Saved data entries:
# # # #

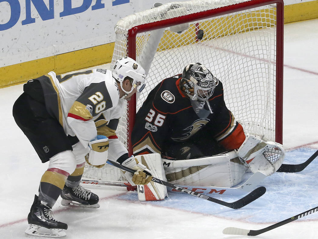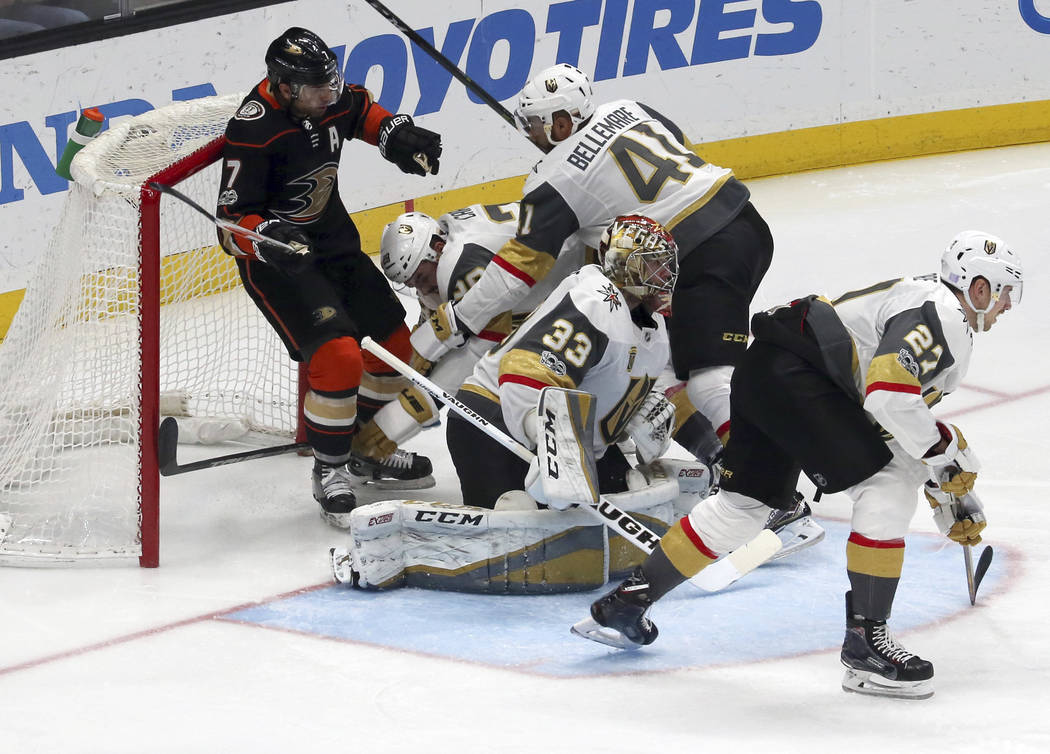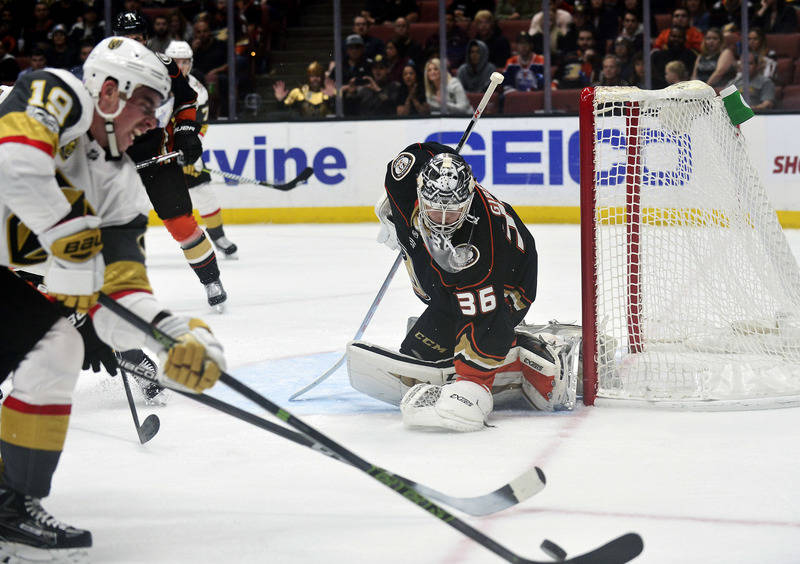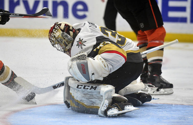The Knights took a franchise record 49 shots on goal, rallying from a 2-0 deficit to improve to 13-6-1. But for a while, it looked as if they weren’t going to solve John Gibson, who was outstanding in the Anaheim net.
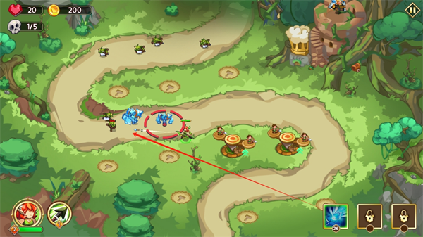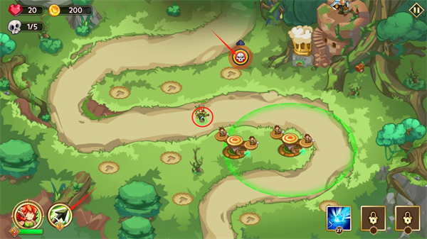 3、这是你的小小英雄左下角是他的技能,建设好了所有布局后点击骷髅头就会出现敌人。
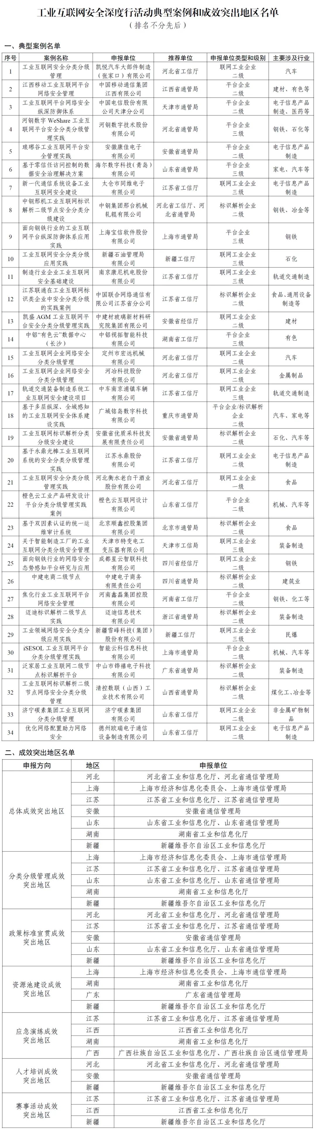 關(guān)于公布工業(yè)互聯(lián)網(wǎng)安全深度行活動典型案例和成效突出地區(qū)名單的通知
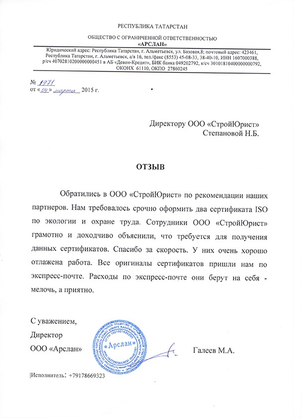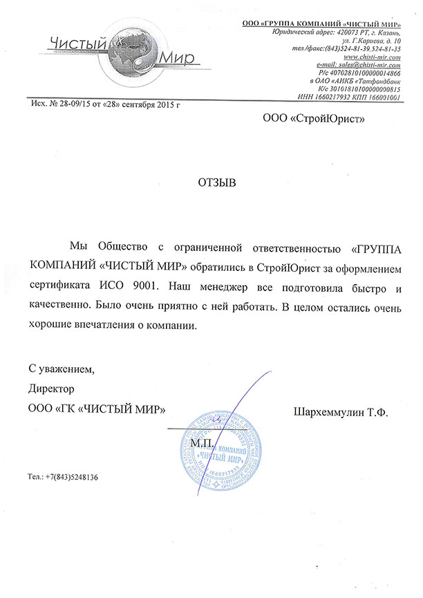 Отзывы клиентов "СтройЮрист" по ISO в Пскове
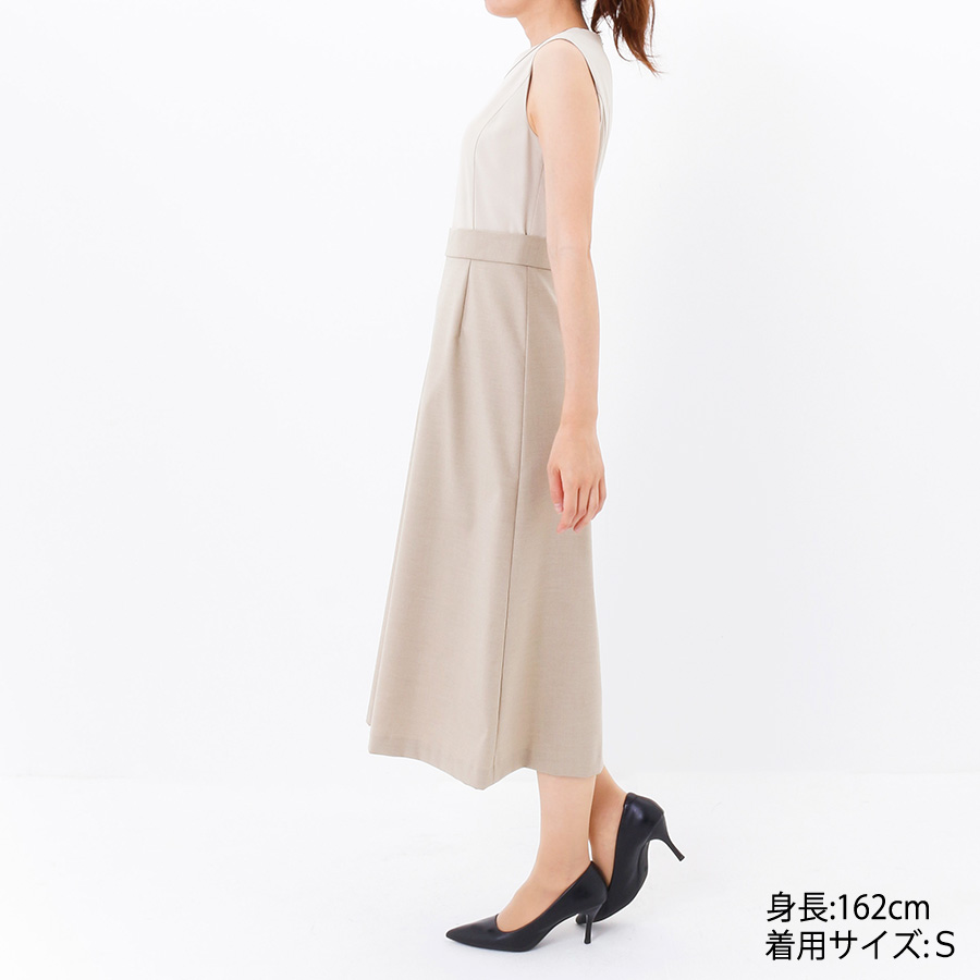 バイカラーデザインで縦長効果抜群のワンピース。

# # # #

Task description »
Your answer must be the full set of entries, set down exactly and without pictures.

Your solution »
The Knights took a franchise record 49 shots on goal, rallying from a 2-0 deficit to improve to 13-6-1. But for a while, it looked as if they weren’t going to solve John Gibson, who was outstanding in the Anaheim net.
 3、这是你的小小英雄左下角是他的技能,建设好了所有布局后点击骷髅头就会出现敌人。
 關(guān)于公布工業(yè)互聯(lián)網(wǎng)安全深度行活動典型案例和成效突出地區(qū)名單的通知
 Отзывы клиентов "СтройЮрист" по ISO в Пскове
 バイカラーデザインで縦長効果抜群のワンピース。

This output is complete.